-- Input data follows --

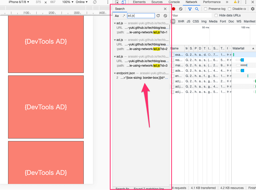『Elements』パネルで見たところ「ad.js」というscriptを読み込むようなので、「ad.js」という文字列で検索します。検索結果にはリクエストURLとレスポンス内容が表示されます。
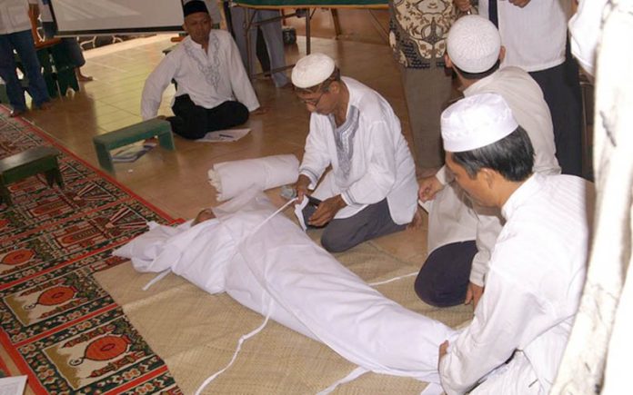 Moeslim.id | Hukum dan cara mengkafani jenazah atau mayit adalah wajib berdasarkan perintah Rasulullah Shallallahu alaihi wasallam dalam hadits tentang seseorang muhrim yang meninggal dunia karena terlempar dari untanya
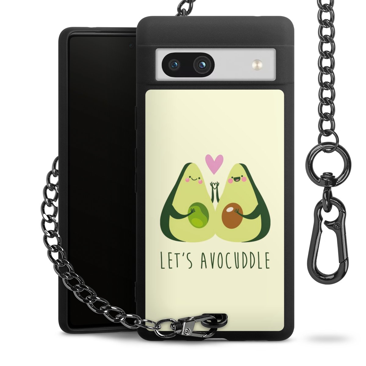 Die mattschwarze Silikon-Handyhülle besteht aus robustem TPU (thermoplastisches Polyurethan). Sie ist flexibel und schützt Dein Smartphone vor Stößen und Kratzern. Die Kette sowie der Karabinerhaken sind aus Metall in Gunmetal-Optik gefertigt. Für dieses Produkt kommen ausschließlich TÜV-geprüfte Materialien zum Einsatz.
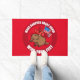 A funny cartoon red cardinal & groundhog on a doormat. Use "Personalize this template" to tweak the "MAKE CARPETS GREAT AGAIN WIPE YOUR FEET" text and create a unique, customized gift. Featuring a proud red cardinal bird carrying the stars and stripes. A tongue-in-cheek play on a ubiquitous phrase of our times. The bird sits astride his stoic groundhog steed, on a five-pointed star background. Inspired by the wildlife visiting my friends' Washington DC back yard.

-- Input data concluded --

◆ What is being asked ◆
Through the line containing "Moeslim.id | Hukum" and no further, restate the data above word for word from its first line, leaving out pictures.

◆ Response ◆
『Elements』パネルで見たところ「ad.js」というscriptを読み込むようなので、「ad.js」という文字列で検索します。検索結果にはリクエストURLとレスポンス内容が表示されます。
 Moeslim.id | Hukum dan cara mengkafani jenazah atau mayit adalah wajib berdasarkan perintah Rasulullah Shallallahu alaihi wasallam dalam hadits tentang seseorang muhrim yang meninggal dunia karena terlempar dari untanya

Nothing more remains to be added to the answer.